Нет сил продолжать письмо. Тяжко на душе. Если бы я могла уткнуться лицом в твои ладони, услышать твой голос (даже если ты меня ругаешь), мне бы сразу стало легче на душе, и все бы прошло, даже слабость в теле.
Израиль, случилось чудо: прямо сейчас принесли мне твое письмо. И сразу мне стало легче. Спасибо за такой пасхальный подарок. В следующем году мы будем вместе праздновать Песах. Я в этом уверена. Ну, а сейчас погашу лампу и буду думать о тебе, ощущать прикосновение твоей руки. Если не смогу уснуть, буду читать и перечитывать твое письмо, и, в конце концов, успокоюсь. А ты думай обо мне и обнимай меня так же, как я обнимаю тебя.
Твоя Наоми
Что случилось с Израилем? Почему он не позволяет себе забыть о ранах в ее душе? Грозовое облако наплывает на их счастливые встречи. Чем глубже становится их любовь, тем более ее оскорбляет его тон.
“Ты обладаешь таким талантом – любить”. Наоми слышит в этих словах намек на то, что она в состоянии изменить отношение к дочерям.
“Они мне чужие” – говорит она, тут же стараясь сгладить шокирующее впечатление, которое производят эти слова на Израиля. Серо-зеленые глаза становятся голубыми, и тело его выпрямляется как пружина.

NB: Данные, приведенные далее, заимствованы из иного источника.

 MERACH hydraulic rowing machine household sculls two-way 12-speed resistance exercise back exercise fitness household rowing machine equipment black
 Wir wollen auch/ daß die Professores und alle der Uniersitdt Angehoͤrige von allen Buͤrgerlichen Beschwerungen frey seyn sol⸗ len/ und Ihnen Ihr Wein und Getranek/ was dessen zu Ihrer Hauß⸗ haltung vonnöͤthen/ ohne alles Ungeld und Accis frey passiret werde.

“Долг матери обязывает тебя приблизить к себе старшую дочь”, – говорит он.
Притворяться? Жить во лжи? Душа восстает. Израиль не понимает, что от нее нельзя ожидать того, что можно ожидать от каждого человека. Смерть матери, смерть отца, смерть деда, приход нацистов к власти, полный развал семьи, акклиматизация в пустынной стране, вхождение в чуждую культуру, насильственное зачатие, рождение дочерей без всякой душевной готовности к этому – удар за ударом наносила ей жизнь. Не осталось даже крупицы сил, чтобы бороться с проблемами десятилетней дочери, чей несносный характер безжалостно терзал незаживающие шрамы, нанесенные жизнью.

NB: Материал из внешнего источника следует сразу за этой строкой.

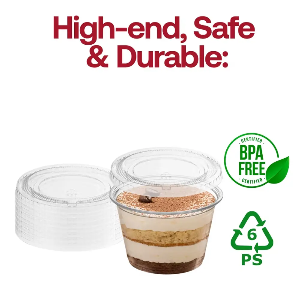 Serve sauces, dips, and tasting portions with confidence using our 2.5 oz Clear Plastic Portion/Soufflé Cups with Lids. Each cup is crafted from sturdy, food-safe plastic and paired with a clear, tight-fitting lid to prevent spills and lock in freshness. The transparent design allows for easy identification of contents, while the compact, stackable build ensures space-saving storage—ideal for restaurants, catering services, food trucks, and home gatherings. Whether you're portioning dressings, mini desserts, or condiments, these disposable cups offer professional presentation and hassle-free cleanup.
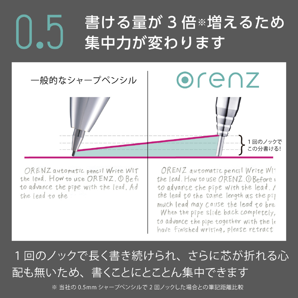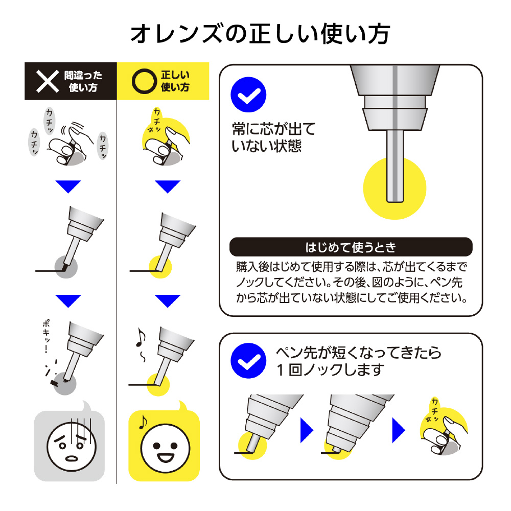オレンズとは2014年に折れないシャープペンの先駆けとして発売し、シリーズ累計販売本数1,500万本(2023年11月現在)を超えるヒット商品です。
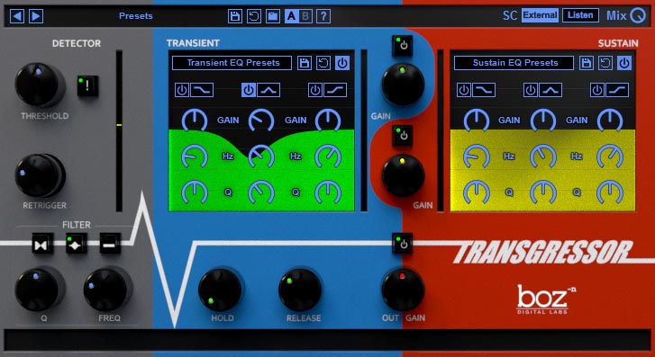 Boz Digital Labs released last week a new drum manipulation plugin with the name Transgressor. An interesting new plugin for your drum sounds. It allows you to EQ transients and sustains separately. For limited time only, save 50% during the introduction time.
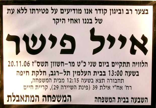 פישר ובני המשפחה איתכם באבלכם, על מות אייל , לפתיחה >>
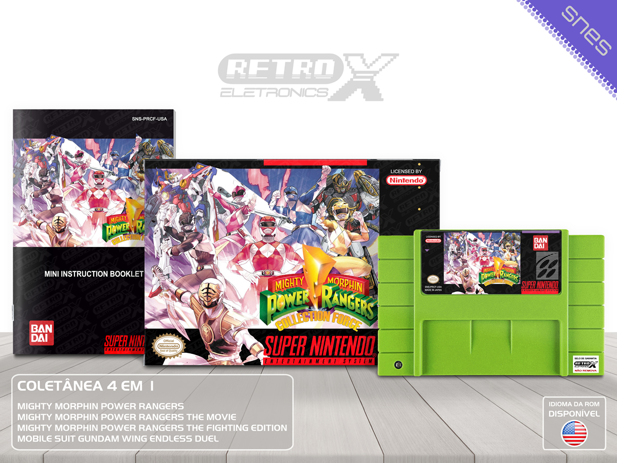A Mighty Morphin Power Rangers Collection Force é uma coletânea que reúne 4 jogos épicos baseados na famosa série de TV *Mighty Morphin Power Rangers* e *Mobile Suit Gundam Wing*, para o Super Nintendo Entertainment System (SNES). Com ação intensa e lutas entre heróis e vilões, essa coleção oferece aventuras emocionantes para os fãs das franquias.

Израиль усложняет ее жизнь. Предлагает жить под одним кровом без свадьбы. Он жить без нее не может. И постоянно твердит, что будет подлостью со стороны человека пожилого и больного связать себя с молодой женщиной узами брака. Она должна быть свободной в выборе достойного спутника жизни. Он не верит в ее любовь. И все же он пытается освободить ее из раковины, в которую она себя сама загнала. Он прогнал ее страх перед зеркалом, возникший со дня смерти матери – пальцами касаясь ее лица, он описывал каждую черточку. Под покровом любви пробуждается в ней новое чувство к жизни. Чудовищный нарост на голове исчез, как все ужасное и не вернется, убеждает она себя.
Израиль учит ее смеяться над неприятностями.

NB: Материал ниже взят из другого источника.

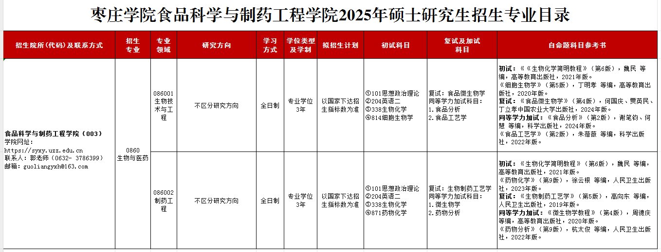 枣庄学院必赢242net官网2025年硕士研究生招生专业目录
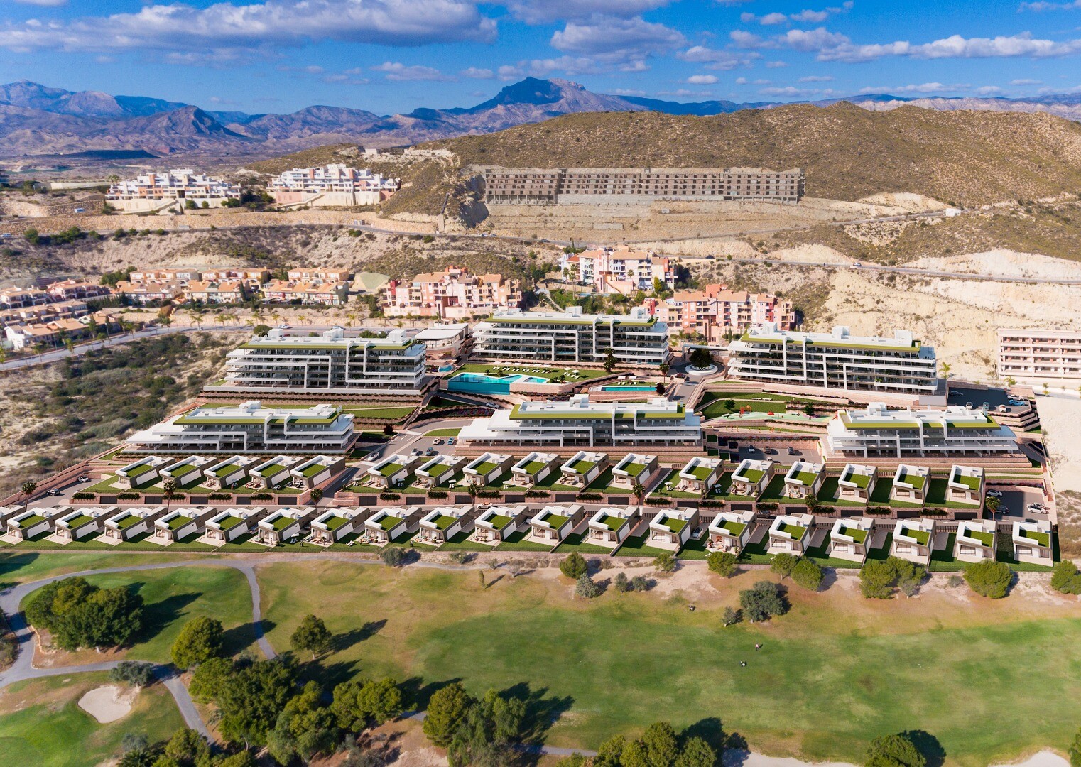 Hoekappartement met 3 slaapkamers en 2 badkamers, avant-gardistisch design, zuidoostelijke oriëntatie om optimaal van de zon te genieten en grote terrassen met uitzicht op de Middellandse Zee en de golfbaan. Inbegrepen in de prijs is een garageplaats en een berging. Het complex beschikt over een zwembad, een eigen sociale club, een kinderspeelplaat...s en recreatiegebieden waar je kunt genieten van je vrije tijd. De internationale luchthaven Elche - Alicante Miguel Hernández ligt op slechts 20 minuten afstand, de bekende stranden van El Campello liggen op slechts 10 minuten afstand en de stad Alicante met een breed scala aan diensten en recreatiegebieden ligt op slechts 15 minuten afstand. Het project combineert de begrippen zee, leven, avant-gardistische architectuur en golf tot een stijl met een uniek karakter. Neem contact met ons op voor meer informatie!
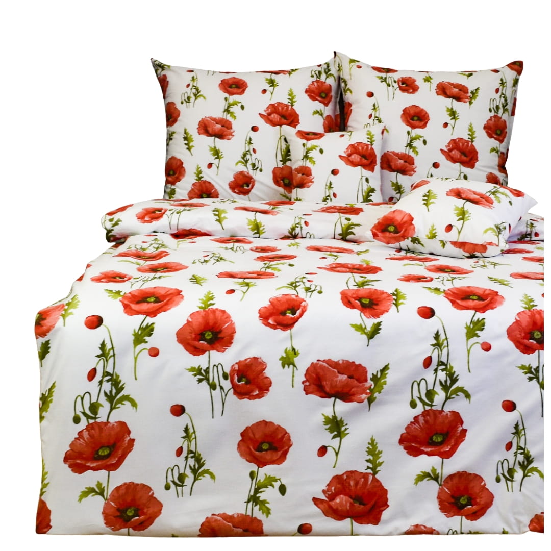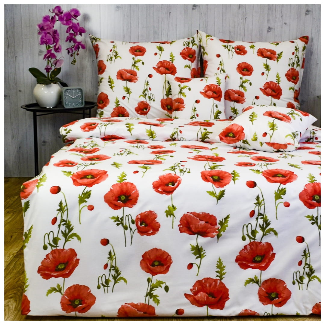 Komplet Pościeli Bawełnianej 140x200 1x70/80 Maki Na Białym
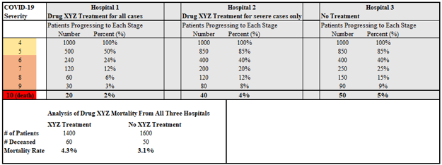 The following hypothetical, but realistic charts demonstrate the need for stratification of results. In our hypothetical, the drug XYZ is assumed to reduce mortality by 60% when given to patients upon reaching Severity Score 4 of the WHO’s ordinal scale, as we see in direct protocol-level comparisons of Hospitals 1 and 3. However, a naïve analysis comparing patients who received drug XYZ to those who did not would conclude that drug XYZ results in a 37% relative increase in mortality, as demonstrated shown in Figure 3.

Они были вдвоем в постели, когда в дом без стука вошла Итка, ухаживающая за больными. Маленькая круглая женщина в испуге сбежала.
Итка не знала, что эта девушка – Наоми из кибуца Мишмар Аэмек и рассказала всему кибуцу о том, что у Израиля была проститутка из Хайфы. Рассказ обрастал все новыми деталями. Израиль от души хохотал. Наоми же не было до смеха. Она напугана. Она не в силах выдержать еще и этот скандал.
Глава шестая
Первые главы романа были опубликованы на первых страницах литературного журнала “Орлогин” (Часослов), в ноябре 1953. И с этого момента Наоми Френкель вышла из безвестности.
Изменилась вся ее жизнь.
Публикация вызвало бурю в литературном мире. Роман читают, о нем говорят.
Особенно горды выходцы из Германии. Впервые они стали героями израильского романа.
Поэтесса Лея Гольдберг обычно не склонная к восприятию юмора сказала Израилю, что хохотала до слез над некоторыми сценами романа и похвалила язык и стиль повествования.
Неумолкающее эхо вокруг публикации обрушило на Наоми шквал приглашений на публичные мероприятия в разных городах, во многих кибуцах и поселениях. Руководители Движения шлют поздравительные телеграммы в кибуц Азореа.
Шлионский гордится тем, что его пригласили творческий вечер автора “Саула и Иоанны”.
“Я смотрел на уважаемого литературного критика Израиля Розенцвайга как на сумасшедшего. Он сказал мне о неизвестной молодой писательнице следующее: “Я представлю тебе самую большую писательницу в Израиле”. Но когда я на одном дыхании прочитал все четыре главы от первой до последней строчки, то решительно заявил: “Это настоящий талант. Заваривается здесь большое произведение! И я уже закатал рукава, чтобы подготовить к печати литературный шедевр”.
16.07.54
Привет моему Израилю.
Вот, я опять дома, после впечатляющего вечера. Он был до смерти скучен. По сути, это было бесконечное славословие Шлионскому, который сидел в президиуме, красный и блестящий от удовольствия и пота, ибо в зале стояла невыносимая жара.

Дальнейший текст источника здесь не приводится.